Или порой, перед вечером, мы отправлялись к платформе железной дороги, находившейся в конце прямой лиственничной аллейки, встречать следующий поезд. Курьерские поезда проносились мимо без остановки, пассажирские иной раз останавливались, и из них выходили служащие, жены профессоров, дачники или дачницы. И мне всегда казалось, что вдруг выйдет кто-нибудь интересный и необыкновенный. Может быть… она? Этого никак не могло случиться, но это не мешало неопределенному и радостному ожиданию… Редкие пассажиры уходили по аллее, а мы еще оставались. В будке сторожа вспыхивал огонек. Она была тесна, грязна и неудобна, и в ней ютилась целая семья. Я с негодованием думал о тех, кто «заставляет людей жить в таких ужасных условиях». Но в этих мыслях не было как-то ничего угнетающего… «Мы это скоро изменим»…
И меня более радовала эта перспектива светлого будущего, ожидающего, между прочим, и этого сторожа с его семьей, чем печалило темное настоящее.
Тит был практик и очень добрый малый. Он редко забывал, отправляясь к платформе, захватить кусок булки, несколько кусков сахару или яблоко для детей сторожа… Их было много, и предстояло еще прибавление…
Затем в темноте мы тихо возвращались в свой номер. И опять я говорил, а Тит слушал.
Говорилось так хорошо… И вообще жилось недурно.
IVИз тогдашних моих товарищей по академии некоторые приобрели впоследствии почетную известность. И не в одной только специальности: их имена стали известны в разных областях.
Однако… если бы тогда кто-нибудь раскрыл передо мною, выражаясь метафорически, «завесу будущего» и показал бы мне их теми, каковы они теперь, я был бы разочарован. Лично я не был ни заносчив, ни тщеславен. Я не мечтал ни о богатстве, ни о карьере, ни о славе. Вообще, право, я был юноша довольно скромный. Если у меня были преувеличенные ожидания и гордость, то относились они к «моему поколению». Мне казалось, что во всех нас есть какие-то зачатки, какие-то завязи новой и полной жизни.

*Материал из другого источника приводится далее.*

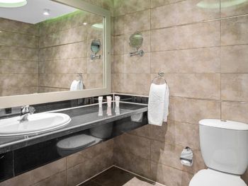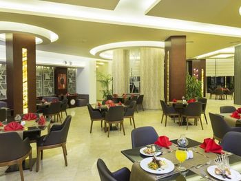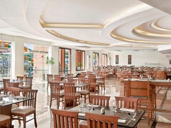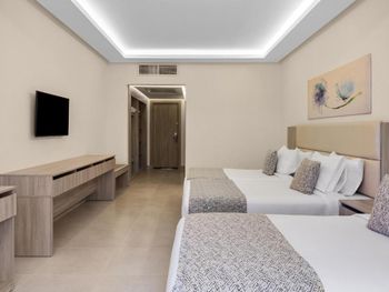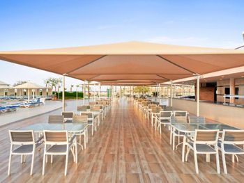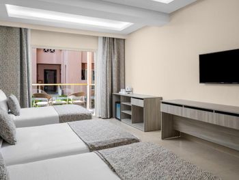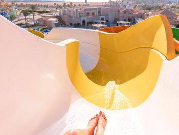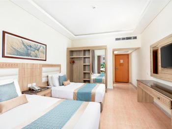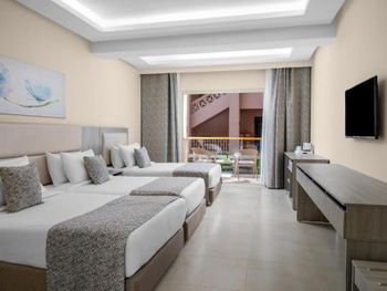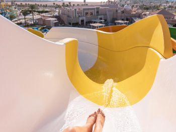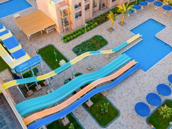 В этот отель приехали их джангл аквапарк, подумали сменить обстановку. И пожалели невероятно. Как будто тебя из комнаты с конфетами, посместили просто в кладовую. А стоимость одинаковая у них. Комнатка маленькая, старая, все обшарпанное. Унитаз вместе с раковиной, не хватает ещё только душа сверху. 2 полотенца на 3х. Не было туалетных принадлежностей, даже зубных щеток. На горках аквапарка можно кататься только с 10 лет и это главный облом, тк ехали туда из за него. Притом что в джангл куда круче горки и можно с детьми. Холодные бассейны. Территория обычная, мало зелени. Персоналу как будто похрен на тебя. Отель в принципе рассчитан на пакетных туристов. Очень много русских. В общем первые 2 дня мы ходили в депрессии от этого переезда.

Был тогда в академии некто Урманов. Он шел выше меня тремя курсами, и особенной близости между нами не было. Несмотря на это, а может быть именно потому, что не было близости, он служил для меня предметом особенного, отчасти романтического интереса. В то время среди студентов была целая группа архангельцев. Народ рослый, по большей части голубоглазый, флегматичный. Урманов был тоже «уроженец архангельских тундр». То есть, собственно, родился он в городе Архангельске, в семье незначительного «соляного чиновника», но не походил на других своих земляков: черноглазый, необыкновенно подвижной, он был экспансивен, как южанин. На сходках вспыхивал, как порох, и быстро предлагал самые крайние меры. И так же легко остывал. В лице его было что-то инородческое, но не северное. Считался он очень способным, работал при лаборатории одного из профессоров. Мечты его раздваивались. Одновременно он увлекался революцией и готовился к кафедре. Революционные увлечения проявлялись вспышками, научные были более прочны. Другие его земляки, поступившие позже его, привезли с собой из Архангельска необыкновенное уважение к Урманову: на него в гимназии смотрели, как на будущую звезду.